European Union nations’ energy ministers have agreed on a gas price cap, after weeks of talks on the emergency measure that has split opinion across the bloc as it seeks to tame the energy crisis.

The Czech presidency of the European Council, which represents member countries, said a deal was reached in Brussels on Monday.

The cap is the 27-country EU’s latest attempt to lower high gas prices that have inflated citizens’ energy bills and driven record-high inflation this year after Russia cut off most of its gas deliveries to Europe.

EU officials and a document seen by Reuters news agency revealed that ministers agreed to trigger a cap if prices exceed 180 euros ($191) per megawatt hour for three days on the Dutch Title Transfer Facility (TTF) gas hub’s front-month contract, which serves as the European benchmark.

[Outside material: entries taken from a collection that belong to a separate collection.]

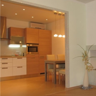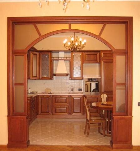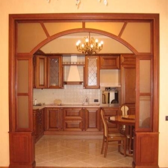 Les portails intérieurs sont pertinents dans la cuisine. C'est une option très pratique pour combiner la cuisine et la salle à manger ou le salon. Pour la cuisine n'a pas besoin de délices. Il s’agit généralement de simples arches lumineuses en placoplâtre ou en bois. Le portail rectangulaire est une bonne alternative à la porte de la cuisine.
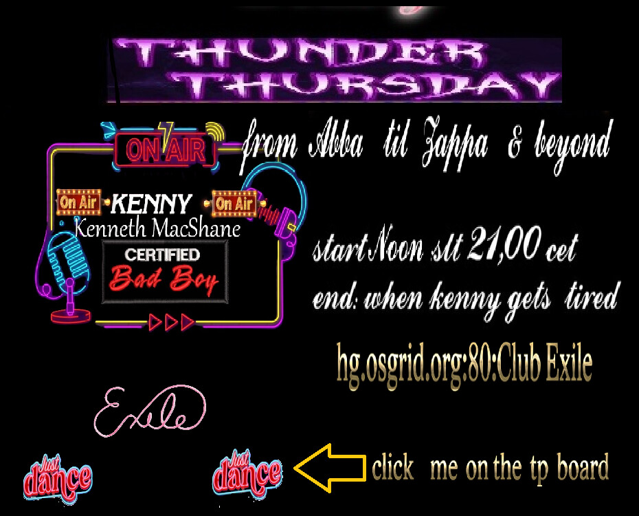 might flame ur shoes alittl bit of bikers rock will burn ur socks and if u s till dont run there will be dark-country and rockabilly for ur fun djay kenny spinning th tuns in th dsrt ara of club exile start 11 am slt and as allways openend 0 0 |
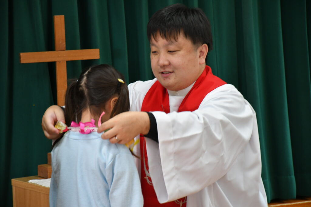 一人ひとりの成長を感謝し、讃美歌をみんなで歌ったり、神さまの祝福を受けてお祝いします。
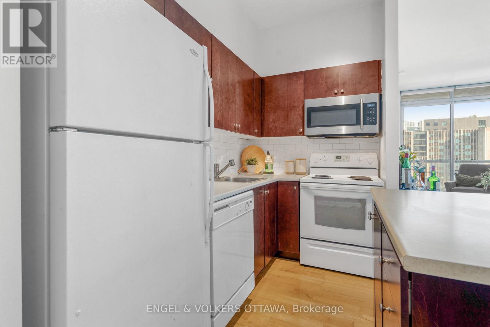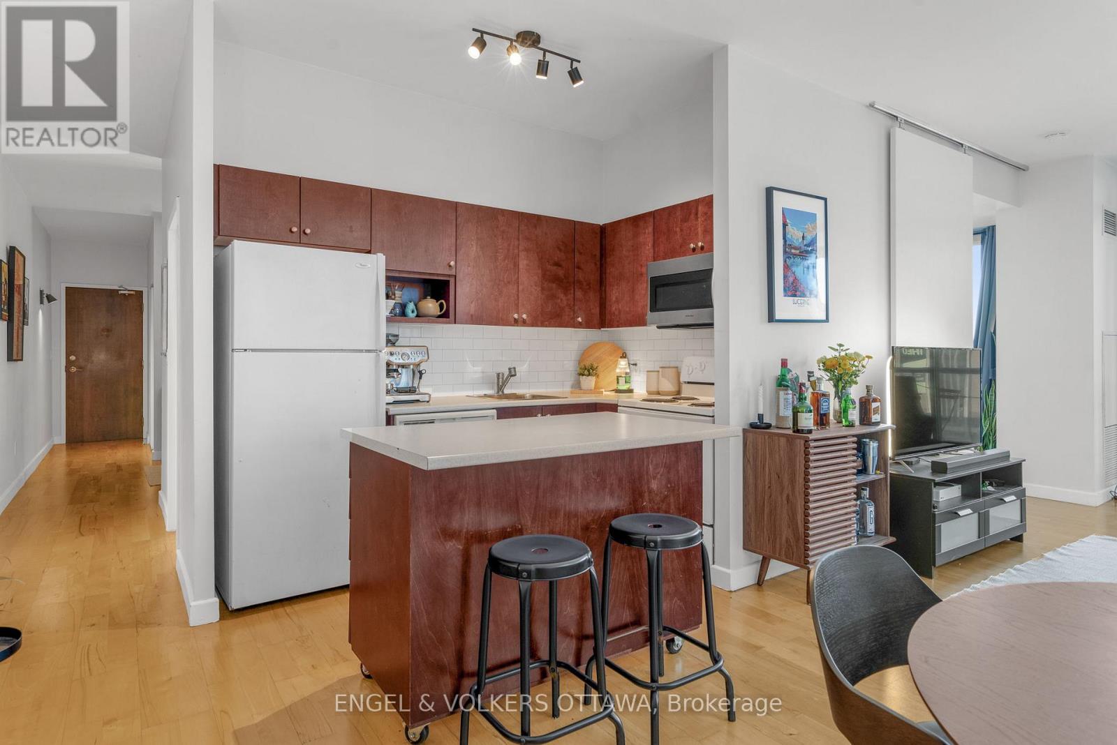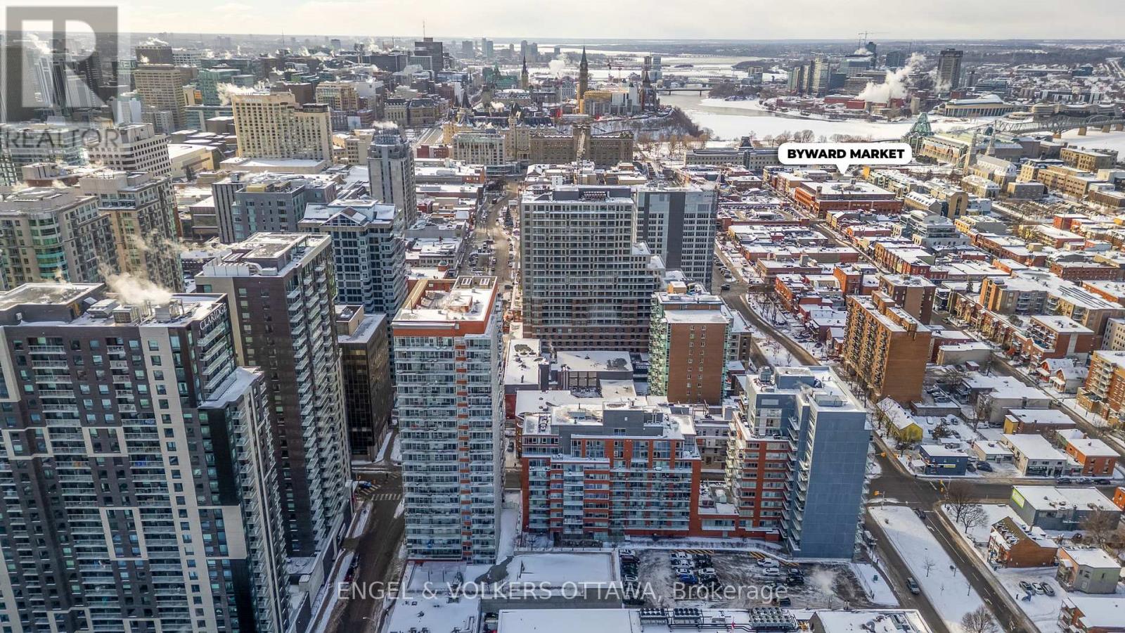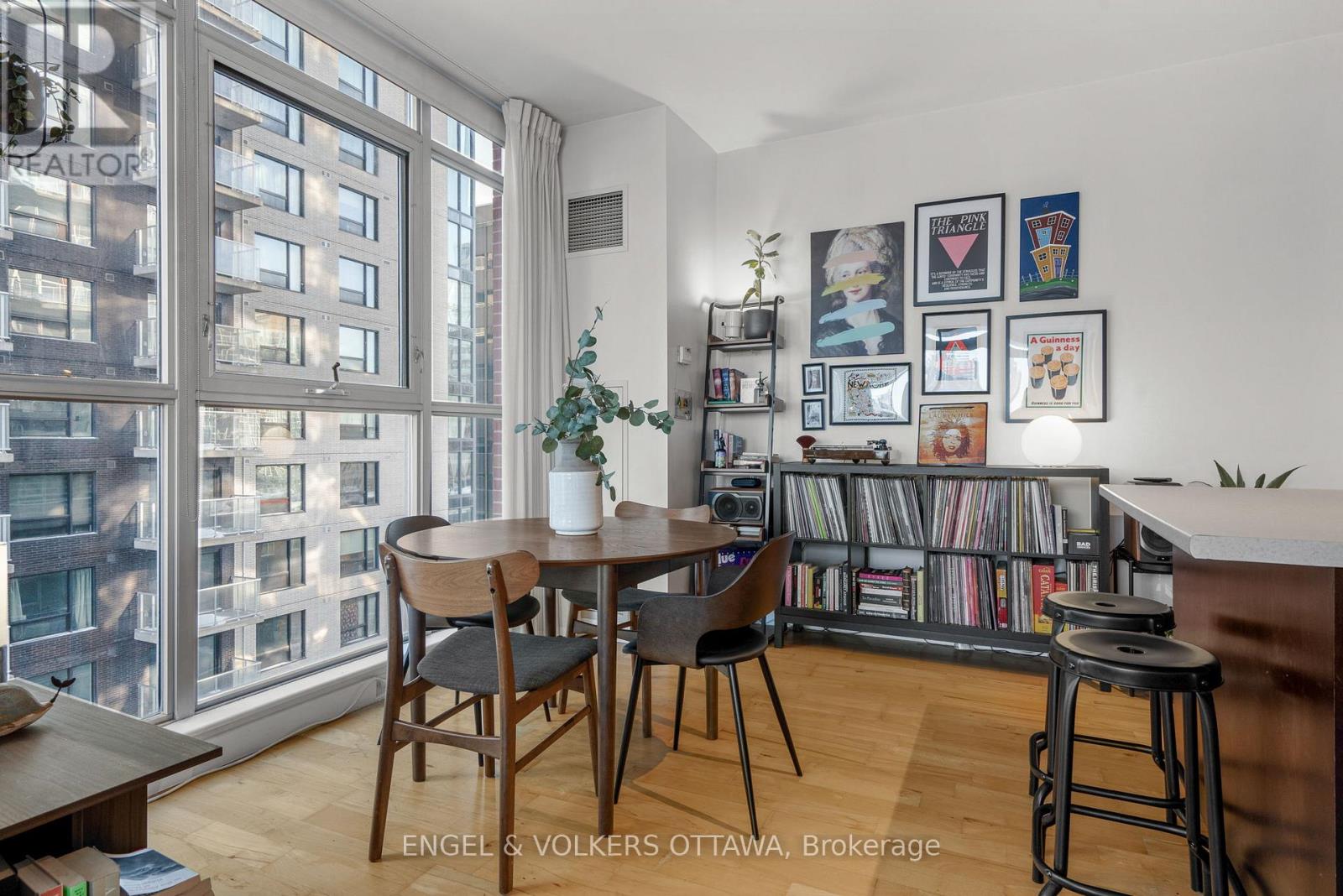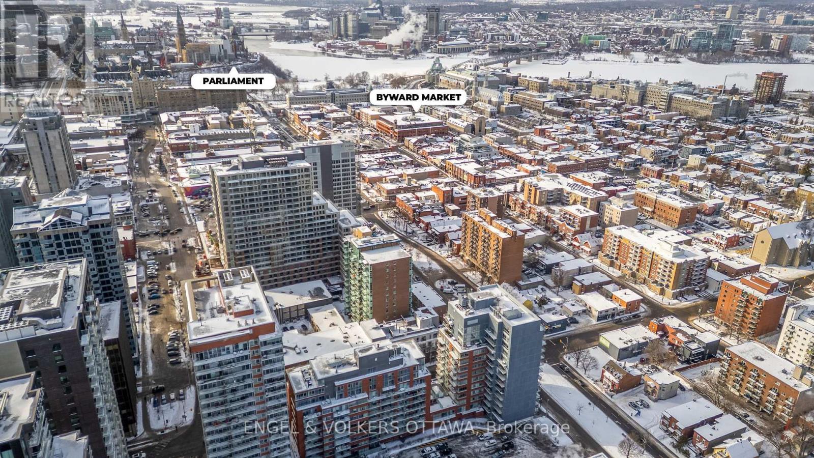 Welcome to East Market Phase III, a sought-after Urban Capital building in the heart of the historic Byward Market. This well-designed Sandy Hill model offers approximately 740 sq. ft. of interior space plus a 107 sq. ft. east-facing balcony, perfectly positioned to capture morning sun and city views. The 1 bedroom + den layout provides excellent flexibility, with a den that works beautifully as a home office, guest space, or a cozy reading nook. Floor-to-ceiling windows flood the main living area with natural light, complemented by custom drapery and blinds. The kitchen is both functional and stylish, featuring solid wood cabinetry and a central island-ideal for casual meals or entertaining. Step outside to a generously sized east-facing balcony, perfect for morning coffee or unwinding after work. The primary bedroom features built-in storage thoughtfully integrated into the closet, maximizing space and functionality. The bathroom offers cheater access to the bedroom, enhancing everyday convenience. Underground parking conveniently located across from the elevator and a storage locker included. Condo fees include amenities, concierge, hydro, heat, and water - just pay for internet. This secure building offers desirable amenities including a gym, party room, and outdoor terrace. Located steps from restaurants, shopping, groceries, and entertainment, with the Rideau Centre LRT station, University of Ottawa, Parliament, and easy access to Highway 417 and Autoroute 5 nearby. With the City of Ottawa pursuing National Historic Site designation for the Byward Market ahead of its 200th anniversary of Bytown in 2027, this neighbourhood continues to offer strong long-term appeal. Whether you're a first-time buyer, government or downtown professional, investor, or downsizer seeking a walkable, lock-and-leave lifestyle, this condo delivers exceptional value in one of Ottawa's most vibrant communities. (41993522)
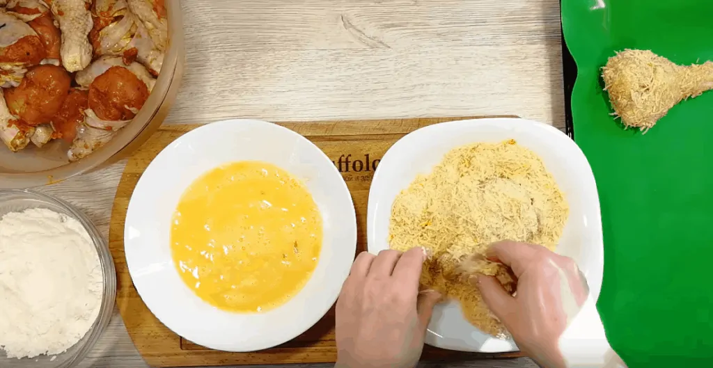 Obaľujeme stehienka najskôr v múke, potom v rozšľahanom vajíčku a nakoniec v strúhankovej zmesi.
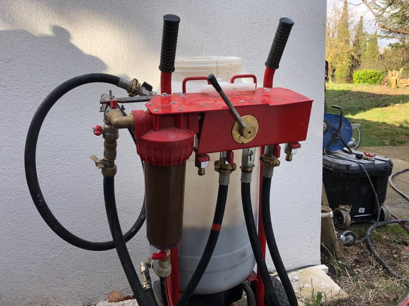 opération de désembouage avec deux machines différentes, selon le contexte et les emmetteurs de chaleur. La société travaille en étroite collaboration avec deux ingénieurs chimistes qui lui fabriquent les produits de traitement et de prévention COROXYL.
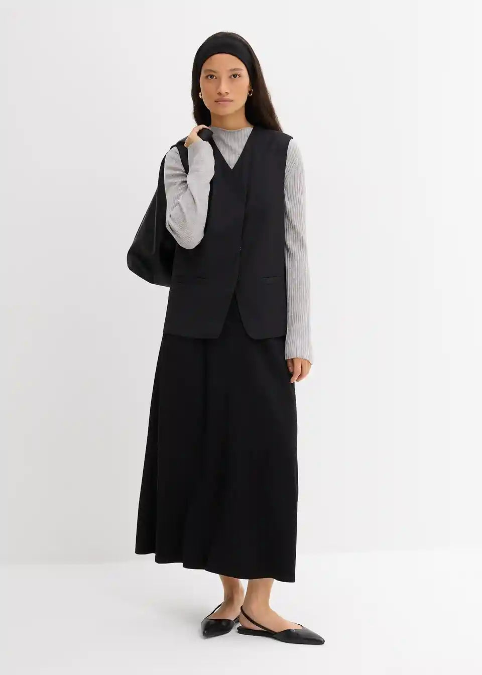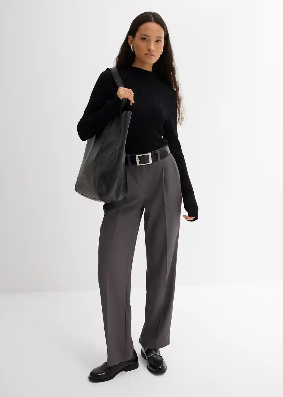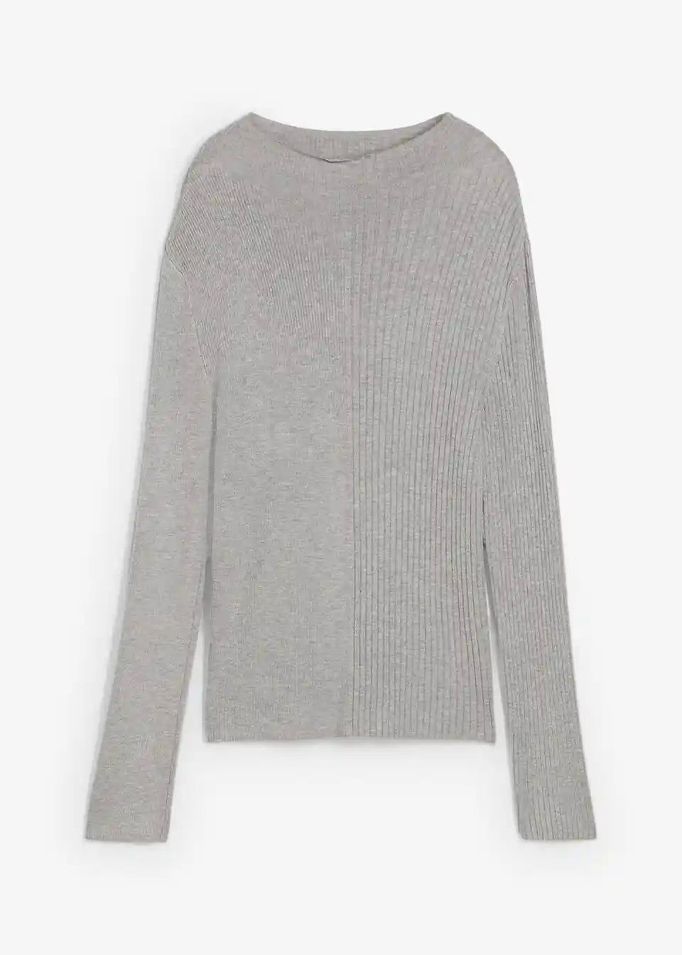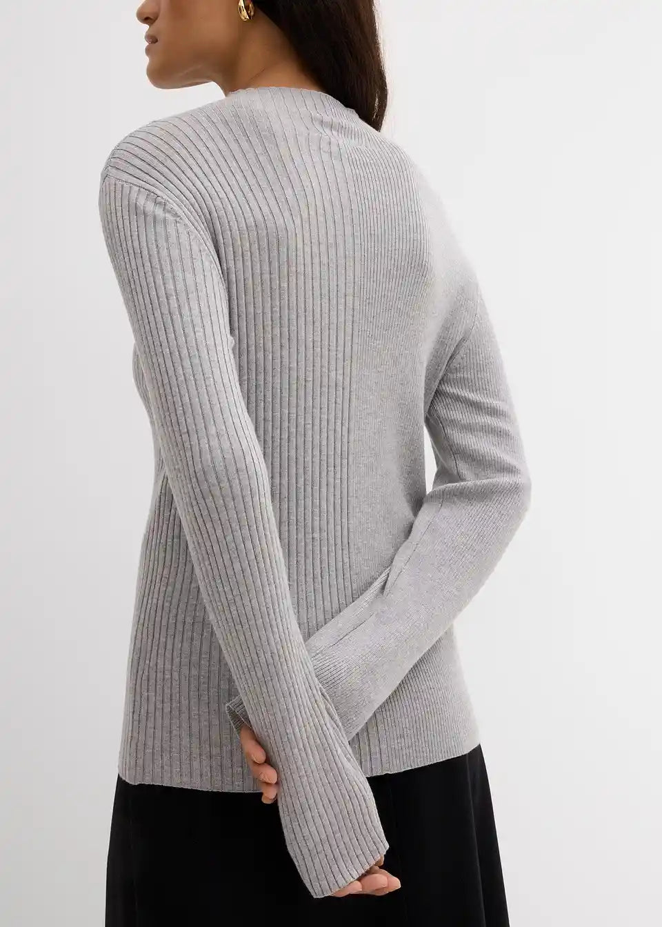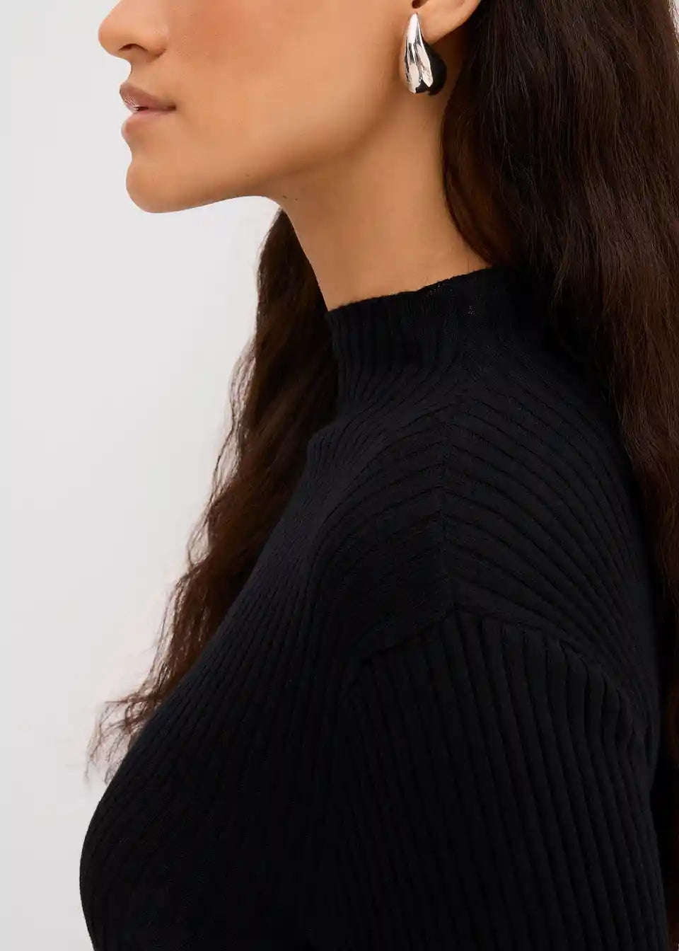 Oprijeta majica s pokončnim ovratnikom in dolgimi rokavi iz rebraste pletenine

The cap can be triggered starting from February 15, 2023.

Once implemented, the price cap would prevent trades being done on the front-month to front-year TTF contracts at a price more than 35 euros ($37)/MWh above a reference level based on existing liquefied natural gas (LNG) price assessments, two EU officials said.

Following the announcement of the deal, Kremlin spokesman Dmitry Peskov said that the decision was an attack on market pricing, according to Russia’s Interfax news agency.

“This is a violation of the market price-setting, an infringement on market processes, any reference to a [price] cap is unacceptable,” Peskov was cited as saying.

‘Energy security’

EU nations have stuck together through nine rounds of sanctions against Russia over the war in Ukraine and energy-saving measures to avoid shortages of the fuel used to generate electricity, heat homes and power factories.

But they were unable until Monday to close a deal on setting the complicated price cap for natural gas.

Germany voted to support the deal, despite having raised concerns about the policy’s effect on Europe’s ability to attract gas supplies in price-competitive global markets, three EU officials said.

“Nobody in Germany is against low gas prices, but we know we have to be very careful not to want to do something good and trigger something bad,” German Economy Minister Robert Habeck said on Monday, ahead of the meeting.

Three officials said the Netherlands and Austria abstained. Both had resisted the cap during negotiations, fearing it could disrupt Europe’s energy markets and compromise Europe’s energy security.

The deal follows months of debate on the idea and two previous emergency meetings that failed to clinch an agreement among countries that disagreed on whether a price cap would help or hinder Europe’s attempts to contain the energy crisis.

Roughly 15 countries, including Belgium, Greece and Poland, had demanded a cap below 200 euros ($212)/MWh – far lower than the 275 euros ($292)/MWh limit originally proposed by the European Commission last month.

“The fact that the countries who weren’t sure about it, the Germans specifically, have voted in favour of it, shows you just how much these EU leaders … wanted a deal,” Al Jazeera’s Dominic Kane, reporting from Berlin, said.

Belgian Energy Minister Tinne Van der Straeten said on Monday: “This is about our energy future. It’s about energy security. It’s about how we have affordable prices, that we avoid de-industrialisation,”

Initially, the cap will not apply to private gas trades outside energy exchanges, although this may be reviewed once it is in force.